**Problem to solve**
Could you retype the records below exactly as they appear, skipping any pictures?

----

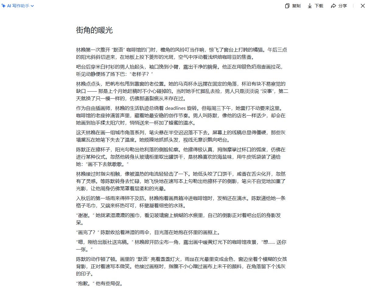 有次我想试试写甜文,就丢给它一个插画师和咖啡店老板的设定,出来的故事温柔又流畅。我朋友看完直接问我:“你什么时候文笔变这么细腻了?”像短篇轻松小品、日常向故事,用它就够。
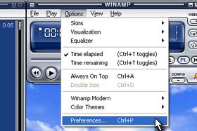 Odprite Winamp in kliknite na Options in zberite Preferences (bližnjica sta tipki CTRL + P).
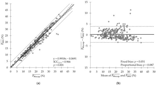 A comparison of the mean values shows that the and of all 297 strokes in Experiment 2 were 19.59 ± 7.66 and 19.36 ± 7.86 N, respectively. was 0.23 N (relative error: 0.4%), and was ±2.08 N. The ICC(2,1) between and was 0.966 (95% confidence interval: 0.958–0.973, p < 0.001), which indicates good agreement between them (Figure 8a). The Bland–Altman analysis showed neither fixed (p = 0.051) nor proportional (p = 0.087) biases between and (Figure 8b).
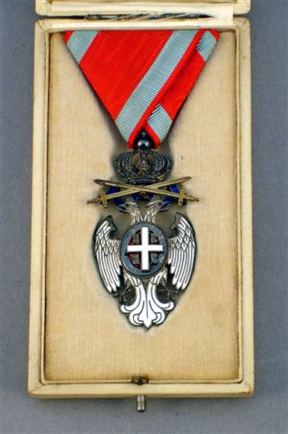 Ordre créé par le roi Milan Ier en 1882, en souvenir du rétablissement de la royauté, pour récompenser les services exceptionnels civils et militaires. Attribué à titre militaire, il portait deux épées croisées au dessus de l'aigle. Il comporte 5 classes: Grand-Croix, Grand Officier, Commandeur, Officier et Chevalier.
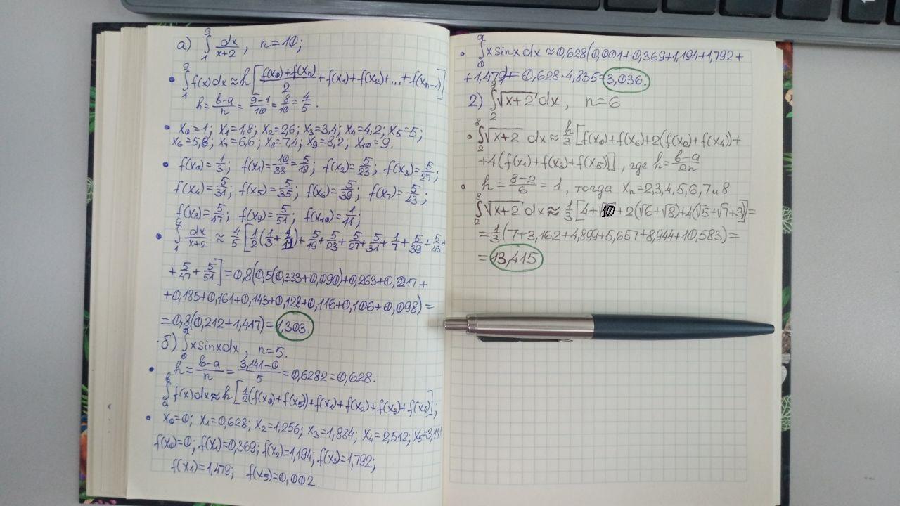 посмотрите решение интегралов только по формулам трапеций и Симпсона. Ответы отмечены цветным.
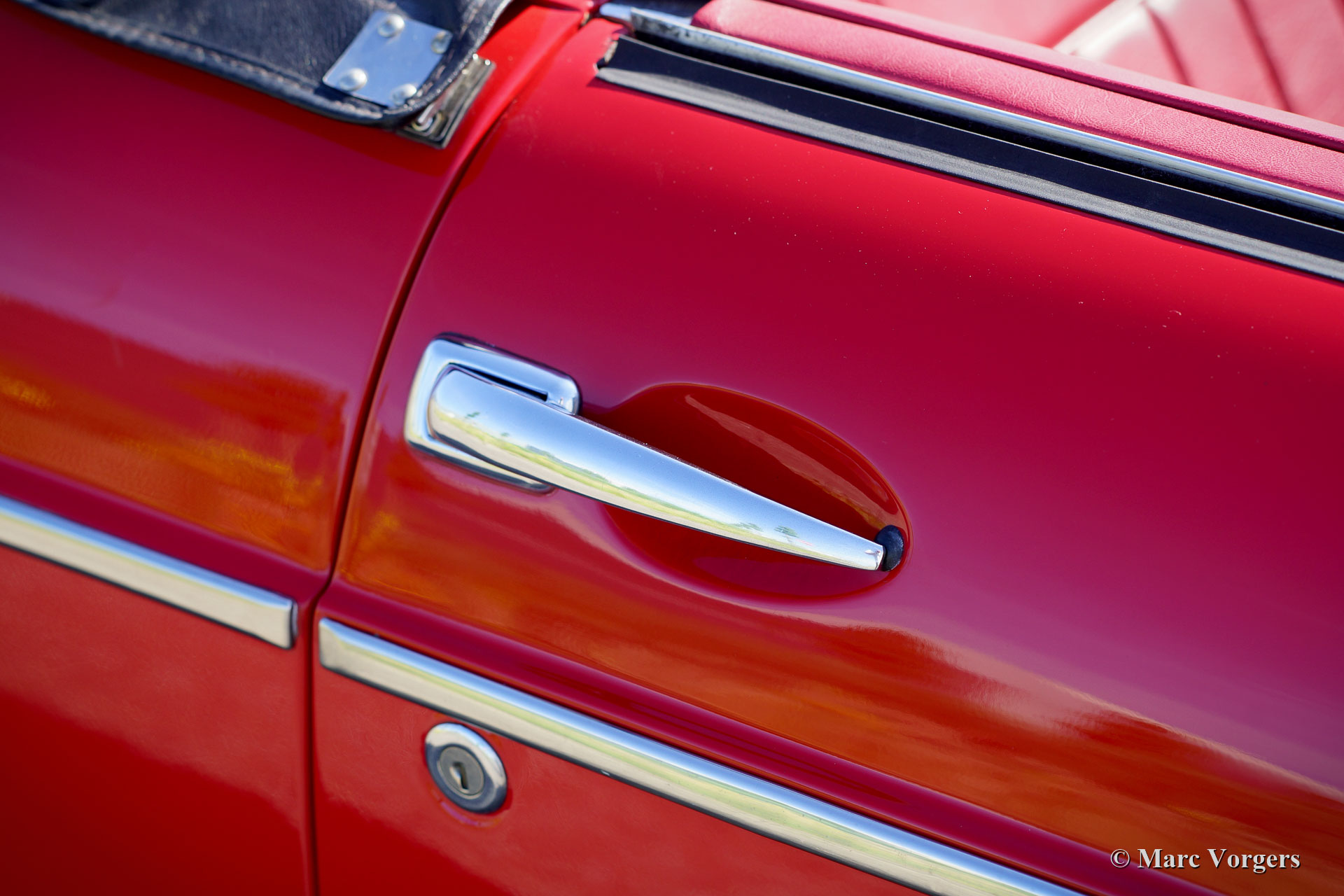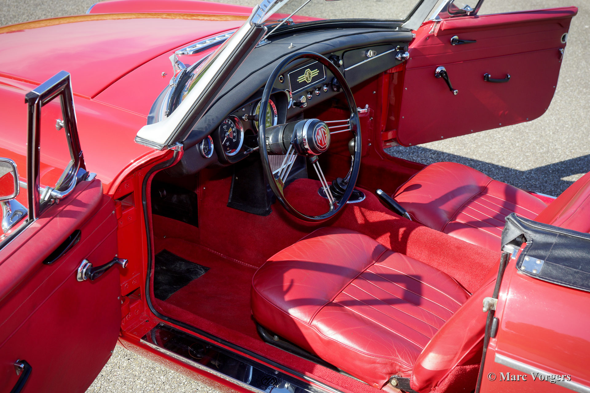 MG MGB Roadster Mk I ‘Ziehgriff-Modell’, Jahr 1965. Farbe rot kombiniert mit einer roten Lederausstattung. Schwarzes Vinyl-Verdeck und Verdeck-Abdeckung. Dieser wunderschöne MGB Roadster ist in einem ausgezeichneten Zustand und das Auto fährt herrlich! Dies ist das früheste MGB Modell mit den speziellen ‘Ziehgriff‘-Türgriffen. Außerdem sind das schöne Armaturenbrett aus Metall, mit schwarzer ‘Faltenfarbe, und das fantastische originale Lenkrad vorhanden! Darüber hinaus verfügt das Auto über silber lackierte Speichenräder, Servobremsen, einen Ölkühler, eine Edelstahl-Auspuffanlage und einen verchromten Gepäckträger. Kürzlich wurden neue Federn eingebaut, Sprungfedern an der Vorderseite und parabolische Blattfedern an der Rückseite. Dies ist ein sehr begehrliches früher MGB Roadster!
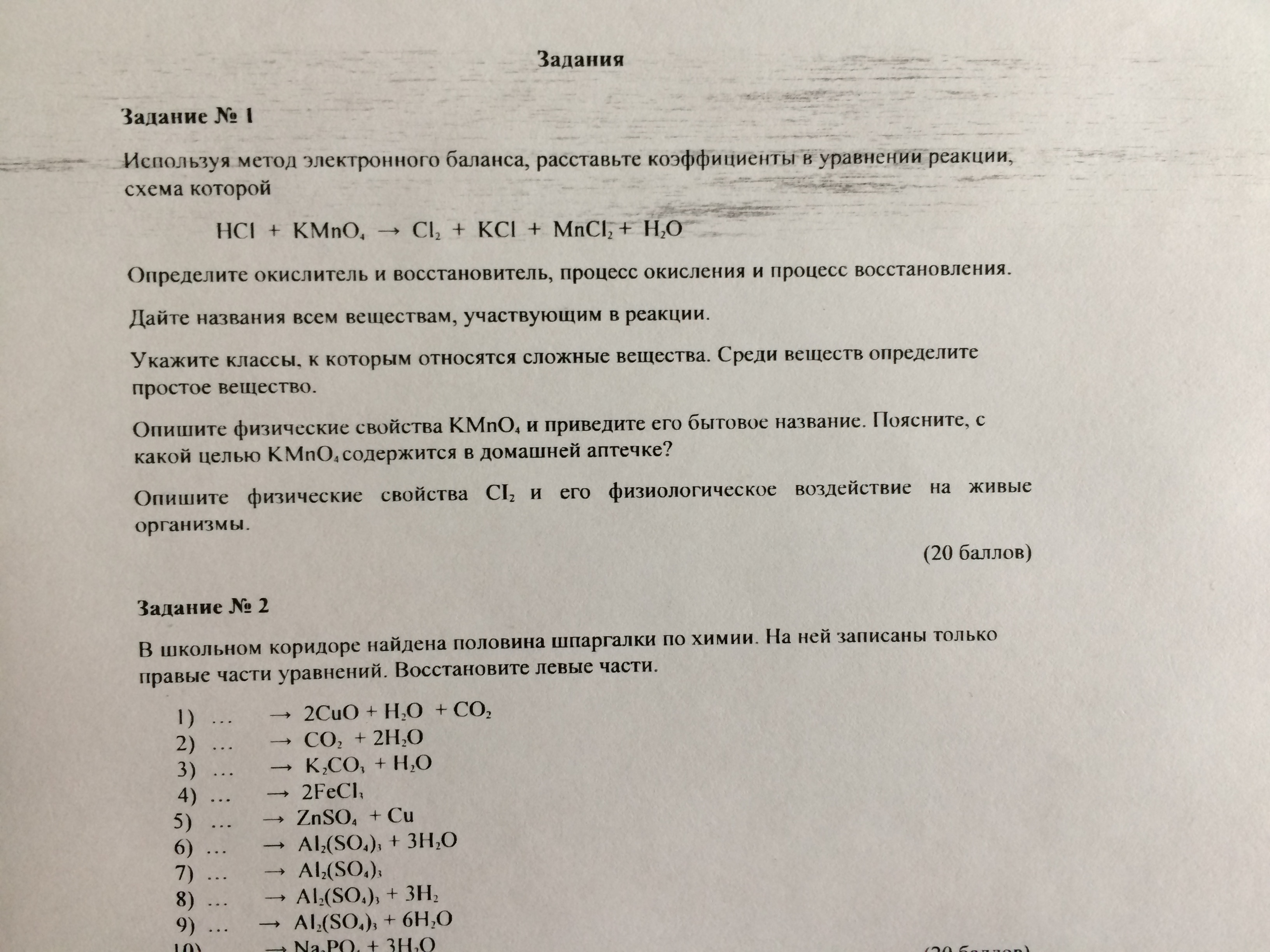 16HCl + 2KMnO4 = 5Cl2 + 2KCl + 2MnCl2 + 8H2O
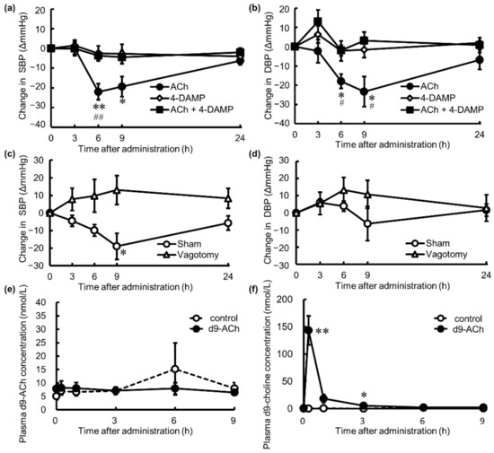 −8 mol/kg BW). The compounds were dissolved in pure water and administered using oral sonde at 9:00 h. In the ACh + 4-DAMP group, 4-DAMP was administered 10 min before ACh administration. SBP and DBP were measured before and at 3, 6, 9, and 24 h after administration by the tail-cuff method (Softron BP-98A, Softron Co., Tokyo, Japan) as previously reported [
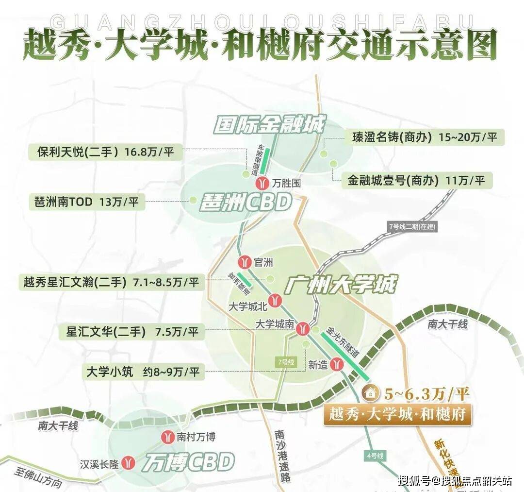 交通是城市的动脉,也是权衡楼盘价值的主要目标。越秀·大学城和樾府正在交通配套上可谓得天独厚。项目距离地铁4号线新制坐很是近,现实步行距离仅正在900米摆布,这是一个很是舒服的步行范畴。4号线做为广州南部的交通大动脉,起了南沙自贸区、大学城、琶洲会展核心、金融城等多个焦点板块。乘坐4号线坐即可达到万博CBD,这里是番禺区的贸易核心,汇聚了万达广场、河汉城等大型购物核心,购一应俱全;5坐即可达到金融城,这里是广州将来的经济引擎,高楼林立,名企云集;继续北上,还可轻松抵达琶洲、珠江新城等广州最富贵的区域。对于正在市核心工做的上班族来说,如许的通勤时间完全能够接管,以至能够说常便利的。
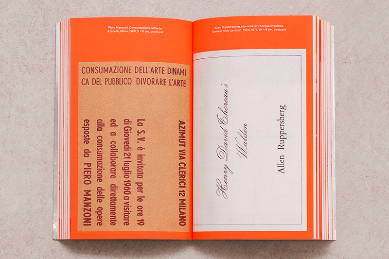 The selection in this volume makes visible how this kind of communication – often conceived by the artists themselves – superimposes the purely informative value of the printed matter with the freedom of artistic expression; evidence of a holistic practice where such cards can become artworks in their own right.

----

**Written reply**
 有次我想试试写甜文,就丢给它一个插画师和咖啡店老板的设定,出来的故事温柔又流畅。我朋友看完直接问我:“你什么时候文笔变这么细腻了?”像短篇轻松小品、日常向故事,用它就够。
 Odprite Winamp in kliknite na Options in zberite Preferences (bližnjica sta tipki CTRL + P).
 A comparison of the mean values shows that the and of all 297 strokes in Experiment 2 were 19.59 ± 7.66 and 19.36 ± 7.86 N, respectively. was 0.23 N (relative error: 0.4%), and was ±2.08 N. The ICC(2,1) between and was 0.966 (95% confidence interval: 0.958–0.973, p < 0.001), which indicates good agreement between them (Figure 8a). The Bland–Altman analysis showed neither fixed (p = 0.051) nor proportional (p = 0.087) biases between and (Figure 8b).
 Ordre créé par le roi Milan Ier en 1882, en souvenir du rétablissement de la royauté, pour récompenser les services exceptionnels civils et militaires. Attribué à titre militaire, il portait deux épées croisées au dessus de l'aigle. Il comporte 5 classes: Grand-Croix, Grand Officier, Commandeur, Officier et Chevalier.
 посмотрите решение интегралов только по формулам трапеций и Симпсона. Ответы отмечены цветным.
 MG MGB Roadster Mk I ‘Ziehgriff-Modell’, Jahr 1965. Farbe rot kombiniert mit einer roten Lederausstattung. Schwarzes Vinyl-Verdeck und Verdeck-Abdeckung. Dieser wunderschöne MGB Roadster ist in einem ausgezeichneten Zustand und das Auto fährt herrlich! Dies ist das früheste MGB Modell mit den speziellen ‘Ziehgriff‘-Türgriffen. Außerdem sind das schöne Armaturenbrett aus Metall, mit schwarzer ‘Faltenfarbe, und das fantastische originale Lenkrad vorhanden! Darüber hinaus verfügt das Auto über silber lackierte Speichenräder, Servobremsen, einen Ölkühler, eine Edelstahl-Auspuffanlage und einen verchromten Gepäckträger. Kürzlich wurden neue Federn eingebaut, Sprungfedern an der Vorderseite und parabolische Blattfedern an der Rückseite. Dies ist ein sehr begehrliches früher MGB Roadster!
 16HCl + 2KMnO4 = 5Cl2 + 2KCl + 2MnCl2 + 8H2O
 −8 mol/kg BW). The compounds were dissolved in pure water and administered using oral sonde at 9:00 h. In the ACh + 4-DAMP group, 4-DAMP was administered 10 min before ACh administration. SBP and DBP were measured before and at 3, 6, 9, and 24 h after administration by the tail-cuff method (Softron BP-98A, Softron Co., Tokyo, Japan) as previously reported [
 交通是城市的动脉,也是权衡楼盘价值的主要目标。越秀·大学城和樾府正在交通配套上可谓得天独厚。项目距离地铁4号线新制坐很是近,现实步行距离仅正在900米摆布,这是一个很是舒服的步行范畴。4号线做为广州南部的交通大动脉,起了南沙自贸区、大学城、琶洲会展核心、金融城等多个焦点板块。乘坐4号线坐即可达到万博CBD,这里是番禺区的贸易核心,汇聚了万达广场、河汉城等大型购物核心,购一应俱全;5坐即可达到金融城,这里是广州将来的经济引擎,高楼林立,名企云集;继续北上,还可轻松抵达琶洲、珠江新城等广州最富贵的区域。对于正在市核心工做的上班族来说,如许的通勤时间完全能够接管,以至能够说常便利的。
 The selection in this volume makes visible how this kind of communication – often conceived by the artists themselves – superimposes the purely informative value of the printed matter with the freedom of artistic expression; evidence of a holistic practice where such cards can become artworks in their own right.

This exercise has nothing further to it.